Psychology

Children are Affected Differently than Adults by Virtual Reality

Children are Affected Differently than Adults by Virtual Reality

Immersive virtual reality disrupts the child’s default coordination strategy, according to scientists, which should be considered when developing virtual reality rehabilitation protocols for children. While little is known about the effects of immersive VR on adults, little is known about the impact of such systems on the sensorimotor abilities of young children.

Jenifer Miehlbradt, an EPFL graduate, demonstrated her virtual reality setup that allows users to pilot drones using their torso at EPFL’s Open House in 2016. The general public was invited to wear a VR headset and navigate through a series of obstacles in a virtual landscape by moving their torso.

“Adults had no problem flying through the virtual obstacles using simple torso movements, but I noticed that children just couldn’t do it,” Miehlbradt recalls. “That’s when Silvestro invited me to his office.”

Miehlbradt’s supervisor at the time was Silvestro Micera, the Bertarelli Foundation Chair in Translational Neuroengineering. They realized that their virtual reality torso experiment might be revealing something about how a child’s nervous system develops, and that no study had assessed the effect of virtual reality headsets on children in the literature. In collaboration with the Italian Institute of Technology, they began a multi-year study involving 80 children aged 6 to 10. The findings were published today in the journal Scientific Reports.

“This study confirms the potential of technology to understand motor control,” says Micera.

The model states that from the acquisition of walking around 1 year until 6-7 years, children will control their upper body as a whole with rigid links between the trunk, head and arms. After this age, the children gradually learn to control all their joints independently, but resort to the rigid strategy in challenging conditions.

Jenifer Miehlbradt

The development of upper body coordination

Healthy adults have no trouble disconnecting their head movements from their torso for piloting, such as looking elsewhere while riding a bike. This necessitates the complex integration of multiple sensory inputs, including vision from the inner ear for balance and proprioception, the body’s ability to sense movement, action, and location.
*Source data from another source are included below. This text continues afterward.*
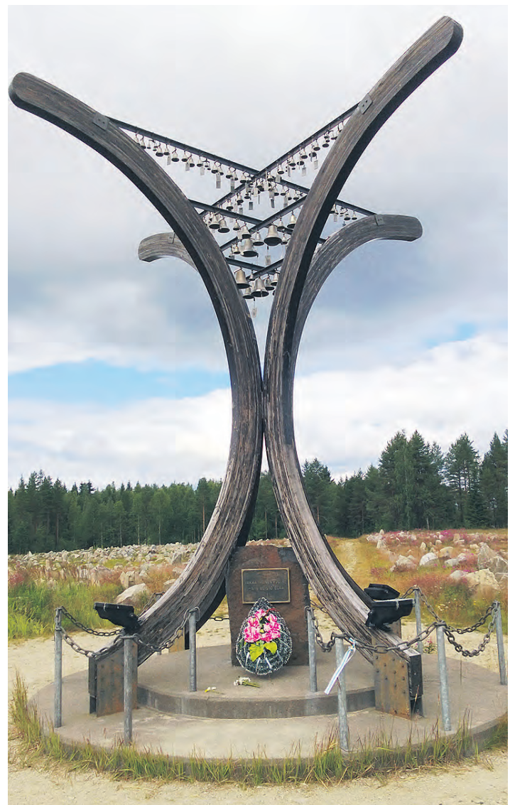
Talvisodan monumentti on vaikuttava ilmentys.
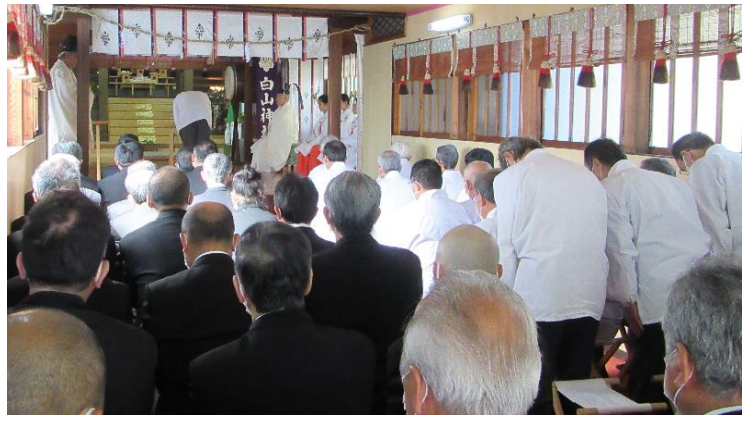
神社顧問代表 玉串奉奠
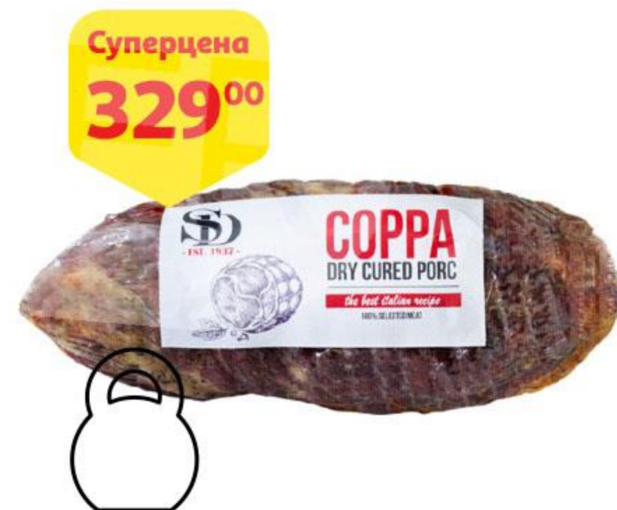
Деликатес из свинины СЫТНЫЙ ДОМ Coppa сыровяленый, 100 г
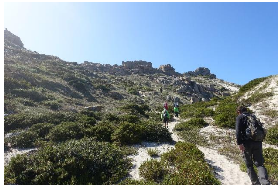
På väg upp mot sanddynerna
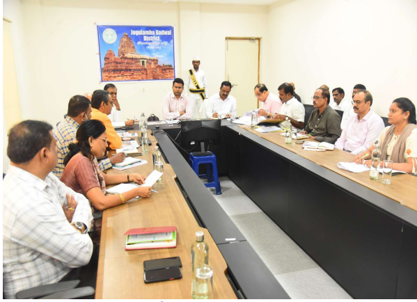
గద్వాల మార్చి 25 (ప్రజా జ్యోతి ప్రతినది):
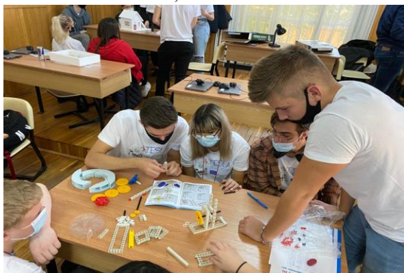
Figura 7. Echipă internațională de elevi construind un dispozitiv care să pună în evidență energia eoliană, în cadrul proiectului TESLA

echipă, cele de soluționare a problemelor ivite pe parcursul documentării și al prezentării rezultatelor activității.
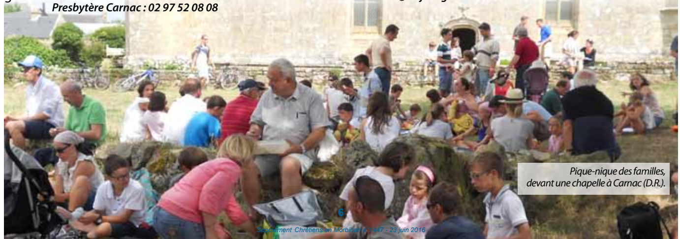
Pique-nique des familles, devant une chapelle à Carnac.
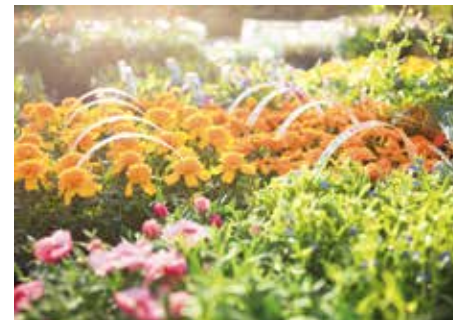
Se så herlig og fine blomster som er å få kjøpt av damene på plantedag!

I år gikk plantedagen «sånn passe». Det var for kaldt enda og vi hadde det dårligste salget hittil. Folk ble nok skremt av snøen som kom i går. Vi synes jo at dette er et godt tilbud som folk bør benytte seg av. Man slipper å dra på butikken før man skal på kirkegården, alt er tilgjengelig på kirkegården. Vi har både planter, jord og selvvanningskasser. I tillegg til at vi serverer kaffe og lapper med hjemmelaget gomme. Det er veldig hyggelig med alle som kommer innom og slår av en prat. Det setter vi pris på!
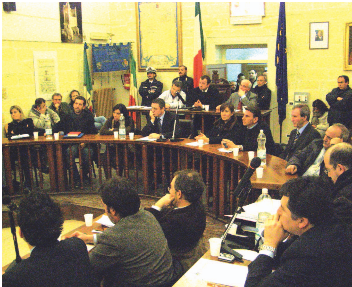
Canosa, la seduta straordinaria del consiglio comunale celebrata ieri sera
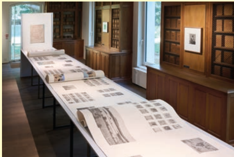
Claude Iverné Mondes en commun, 2025
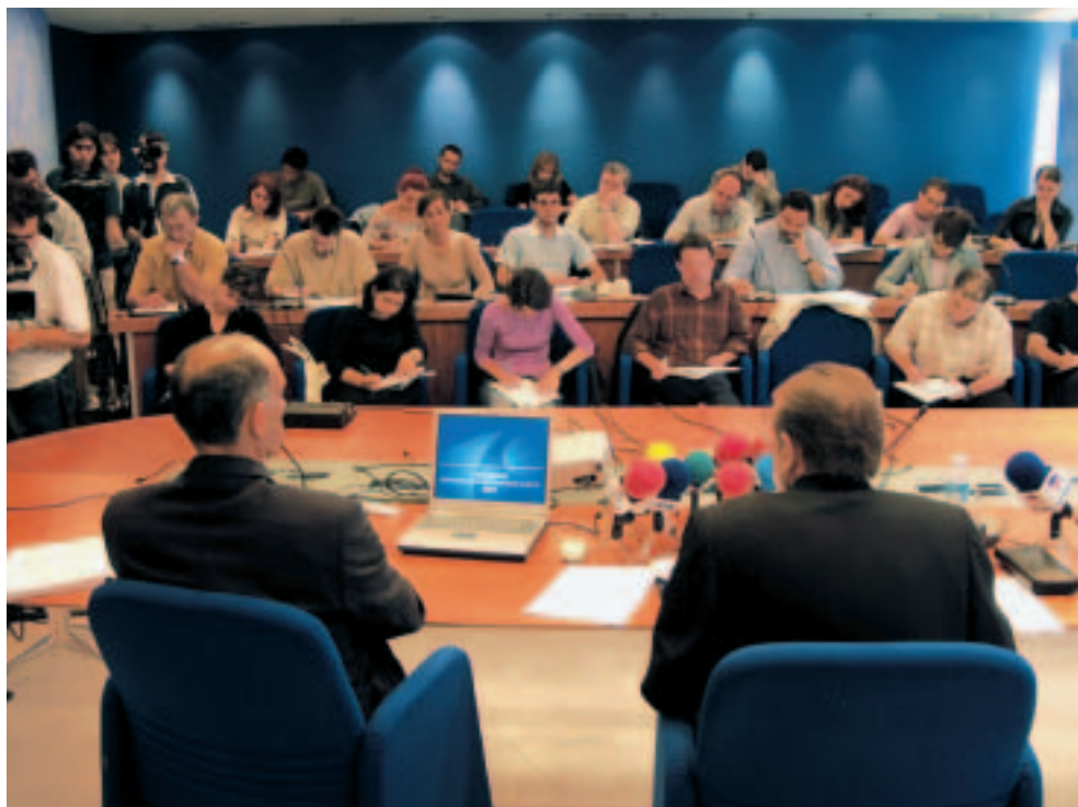
Rueda de prensa en la que se presentó la Memoria Socioeconómica 2001.

La Comisión de Trabajo encargada de su elaboración decidió dar a este informe un tratamiento especial con motivo de su quinta edición. Así, la Memoria 2001
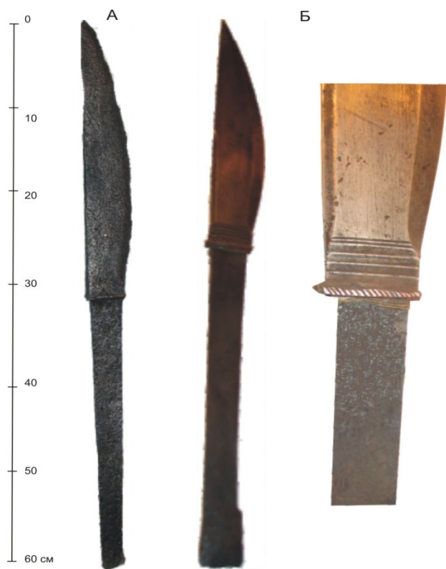
Рис. 15. Пальма. А - МАЭ: колл. 5334-17. Б - МАЭ: колл. 344-48а (нанайцы).
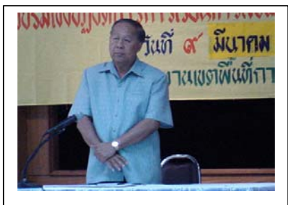
ภาพที่ 9 ประธานในพิธีเปิด
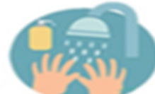
ล้างมือด้วยน้ำสบู่
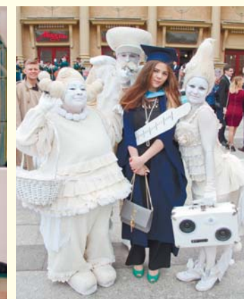
Выпуск врачей 2017 года
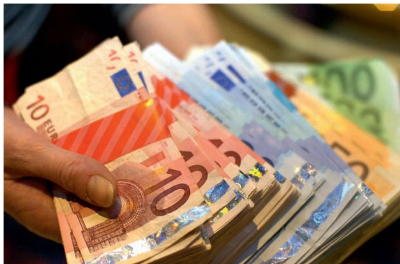
Det er meget positivt, at danskerne har ændret holdning til euroen, mener Dansk Erhverv.
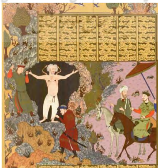
تصویر ۴. دربند کردن ضحاک توسط فریدون در کوه دماند، شاهنامه بایسنقری، هرات، ۸۳۳.ه.ق، کتابخانه کاخ گلستان، تهران.

در ایلید، خدایان گواه پیمان هستند: «آگاممنون دست به آسمان برافراشت و به بانگ بلند دعا خواند: ای زئوس ای پدر والا جا، ای خدای بزرگ و کینه‌کش، ای آفتابی که همه چیز را می‌شنوی و هیچ چیز از دیدگانت پوشیده نیست و پیمان‌شکنان گنه‌گار را کیفر می‌دهید، گواه ما باشید و استواری سوگندهای ما را پاس دارید» (هومر، ۱۳۸۶: ۹۷). در شاهنامه حتی ضحاک نیز در تفکرش پیمان را محترم می‌داند. او پس از آنکه بر تخت شاهی نشست با ابلیس پیمان بست و از دستورات او اطاعت می‌کرد. تصویر شماره (۴) بخشی از سرنوشت ضحاک را به تصویر کشیده است.
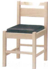
1 和風椅子 阿山N ナチュラルクリア [UISA-01] 目 価

1055-1864(黒レザー) 13-1111-0101 ¥25,000 1055-1865(赤レザー) 13-1111-0102 ¥25,000 1055-1867(カスリレザー) 13-1111-0103 ¥25,000
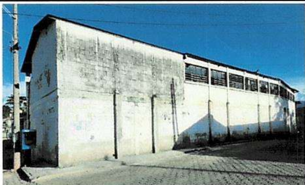
Foto 2: PAREDES CON MOHO, A COLOCAR CANAL, REPELLO Y PINTAR, LA HUMEDAD PASA ADENTRO DE LOS SALONES Y HACE MOHO
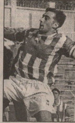
ლოპინგი ხომ არ ჰქონდა მიღებული... ლოპინგი ხომ არ ჰქონდა მიღებული...
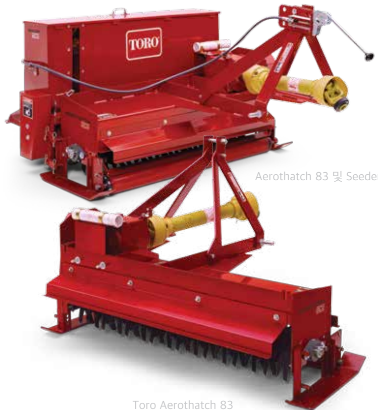
Aerothatch 83 및 Seeder 93

67.1 kW 등급의 기어박스는 아무리 힘든 조건이라도 버틸 수 있으며, 수명도 깁니다. 이 장비에는 16개의 내구성이 있는 덧취 작업 블레이드가 중심부에 7.2 cm 간격으로 배치되어 있으며, 7.2 cm 깊이까지 작업할 수 있습니다. 가운데 덧취 작업 블레이드 키트에서는 보다 공격적인 통기 작업을 위하여 2.5 cm를 사용할 수 있습니다. Aerothatch 83과 짝지어진 Seeder 93은 간단한 원패스 구성으로 덧파종 작업을 효율적으로 할 수 있습니다. 씨앗은 16개의 독립적인 채널을 통해 Aerothatch 83이 효율적으로 씨앗을 발아하도록 만들어 놓은 흠까지 흘러갑니다. 이동 속도는 공구를 사용하지 않고 쉽고 빠르게 설정합니다.
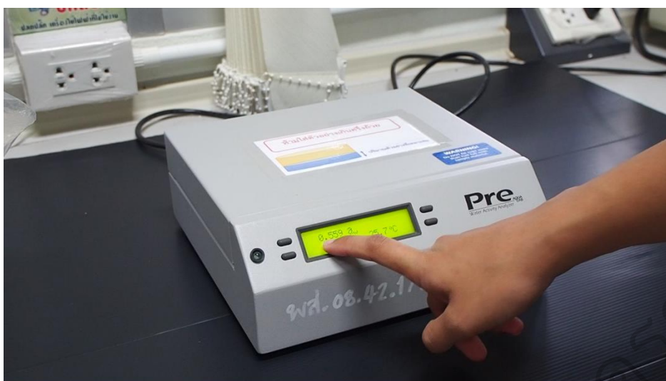
รูป 4.8 ตัวอย่างวีดิทัศน์ เรื่อง วิธีการใช้เครื่องวัดปริมาณน้ำอิสระ
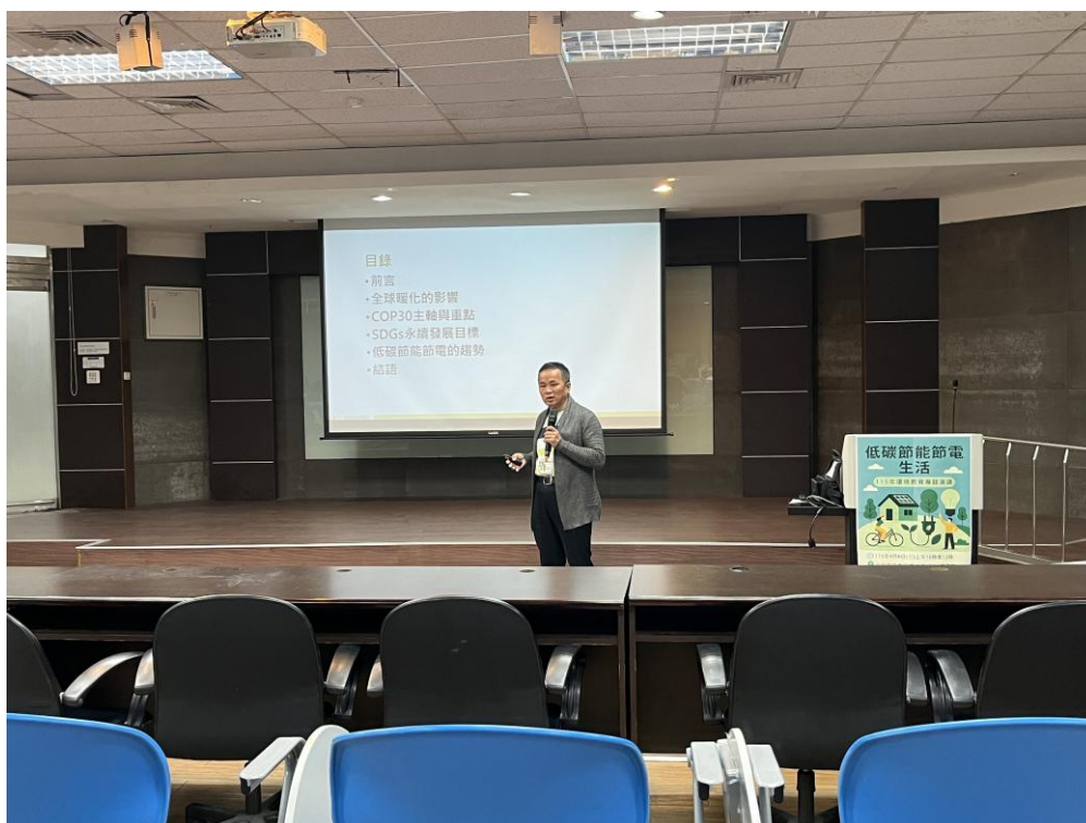
講師介紹今日課程大綱
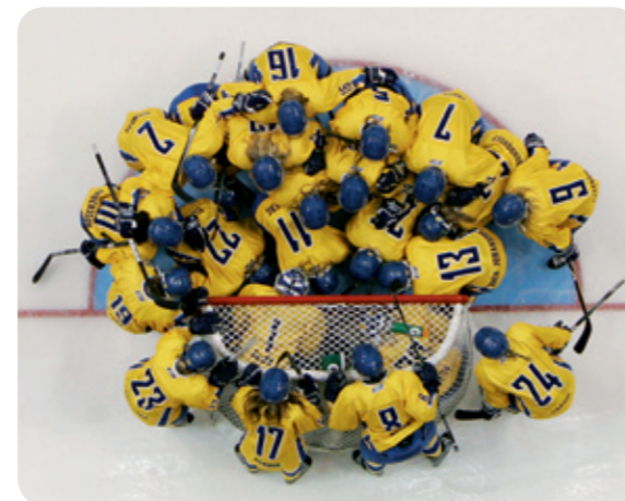
Women's Team of Sweden during the Hockey Canada Cup
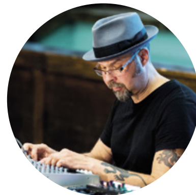
MIKA VAINIO.

Pan Sonic -yhtyeensä lisäksi hän julkaisi musiikkia omalla nimellään sekä eri sooloprojekteina. Vainion ääni-installaatioita on kuultu nykyaikaisen rytmänäyttelyissä Euroopassa ja Pohjois-Amerikassa. Kiasman näyttely on ensimmäinen laaja katsaus Vainion äänitaiteeseen Suomessa. ●
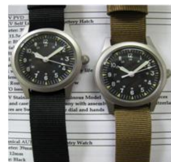
US MILITARY STRAPS

Case Size : 39.9mm(36.0mm Ex. Crown) Thickness ; 11.5mm Lug Size : 18.0mm Lug to Lug : 43mm Water Resistant to 30M/99ft
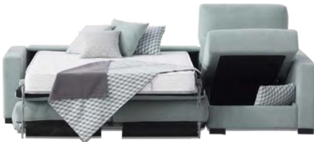
DESMONTABLE COLCHÓN 16
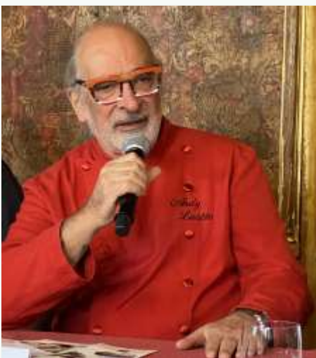
Andy Luotto, attore e Chef
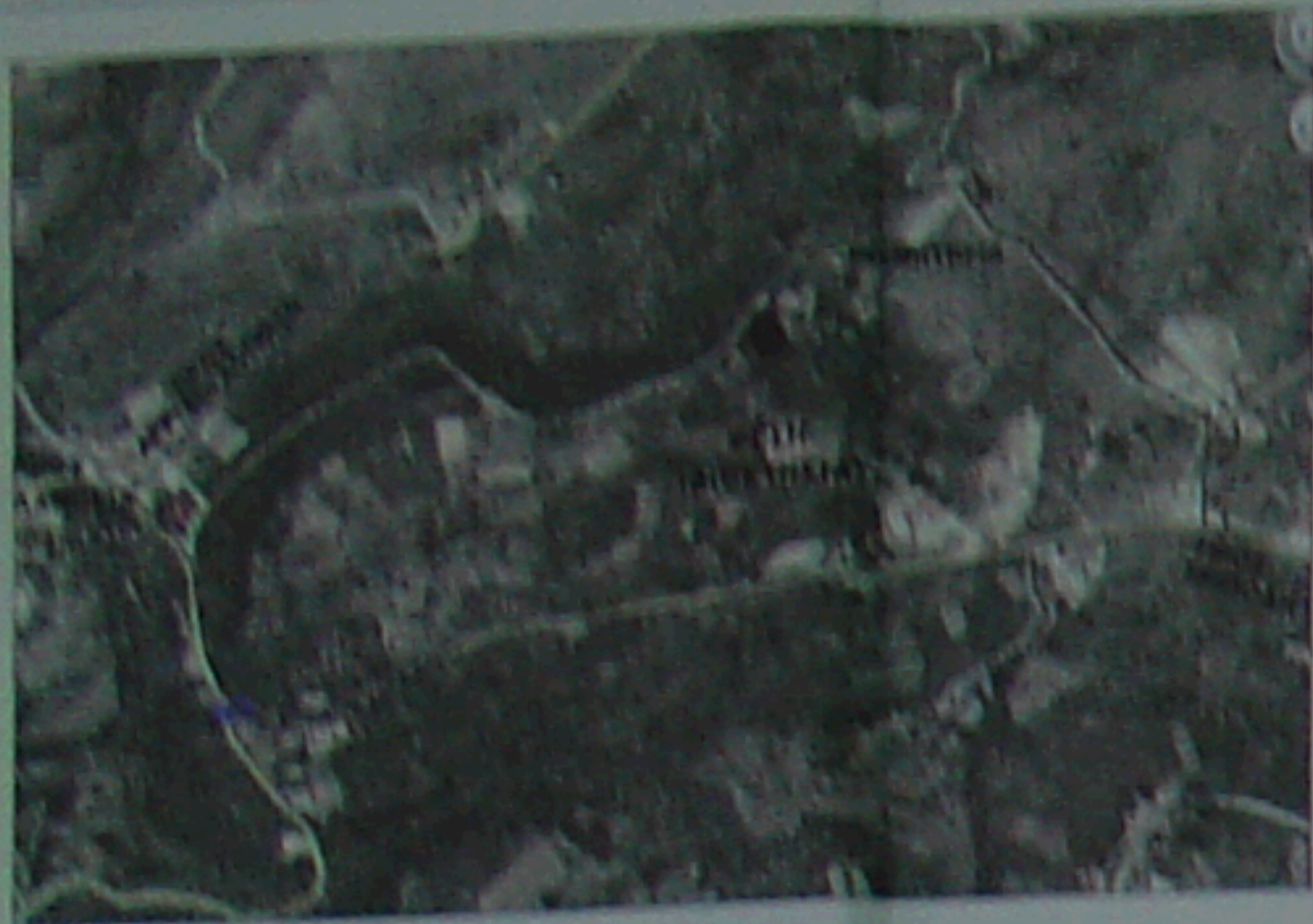
ΘΑΛΠΟΡΙΚΟ ΣΧΑΡΙΩΜΑ
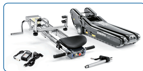
Transportable en piezas.
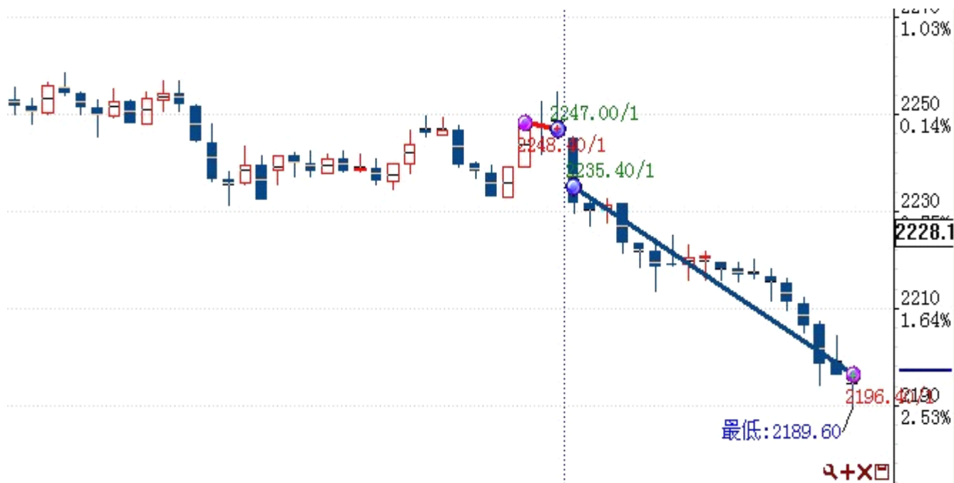
图表 2: 交易情况

Children’s coordination of torso and head movement is still developing, so differences with adults are to be expected. However, the EPFL study contradicts the dominant ontogenetic model of upper body coordination development over the last 25 years, which predicts a one-directional transition from rigid control to decoupling of the head-torso system and that postural control is essentially mature at 8 years.

“The model states that from the acquisition of walking around 1 year until 6-7 years, children will control their upper body as a whole with rigid links between the trunk, head, and arms. After this age, the children gradually learn to control all their joints independently, but resort to the rigid strategy in challenging conditions,” continues Miehlbradt, who is currently finishing a postdoc at the University of Lausanne (UNIL). “Instead, we found that when using a virtual system controlled by body movements, the younger children try to move their head and body separately, while the adults use the rigid strategy.”

Virtual reality affects children differently than adults

The experiment: collecting coins on the back of an eagle

Children are asked to play two games while wearing a virtual reality headset and a movement sensor on their back. In both experiments, children demonstrate control abilities similar to adults when using their heads, but struggle to control the games when using their torsos, unlike adults.

In the first game, the child is asked to align their head or torso with a line displayed at different orientations within a virtual landscape, while the alignment error and head-torso coordination are measured. The experiment demonstrates that children can learn to control their heads fairly easily. When asked to align their torso with the virtual line, the youngest children consistently overestimate their movements and attempt to compensate by moving their head.

The second game consists of a flight scenario. In the virtual world, the child appears to be seated on the back of a flying eagle. The goal of the game is to catch golden coins placed along a path. Like the first game, control of the eagle’s trajectory is either with the head or with the torso. Again, using their head to steer the bird’s flight is significantly easier for children, who are 80% closer to the target coins compared to the torso-control condition.

Because the desired orientation is aligned with the visual input, the scientists believe that head control is easier in VR environments. Torso control, on the other hand, necessitates the user separating vision from actual control, which necessitates complex head-torso coordination. Young children rely more on visual input than internal sensations of body posture. The novelty of the virtual reality environment appears to overwhelm the child’s brain, causing it to pay less attention to internal signals.

“The results show that immersive VR can disrupt the children’s default coordination strategy, reweighting the various sensory inputs — vision, proprioception and vestibular inputs — in favor of vision,” explains Miehlbradt. The scientists also found that head-trunk coordination is not fully mature yet at 10 years, instead of the previously assumed maturity at the age of 8.

Leisure and Rehabilitation using VR

“VR is becoming increasingly popular for therapeutic applications such as rehabilitation and neurorehabilitation, as well as the treatment of phobias or fearful situations. The variety of scenarios that can be created, as well as the playful aspect that can be introduced into otherwise tedious activities, make this technology especially appealing for children. However, we should be aware that immersive VR can disrupt the child’s default coordination strategy” Miehlbradt is cautious.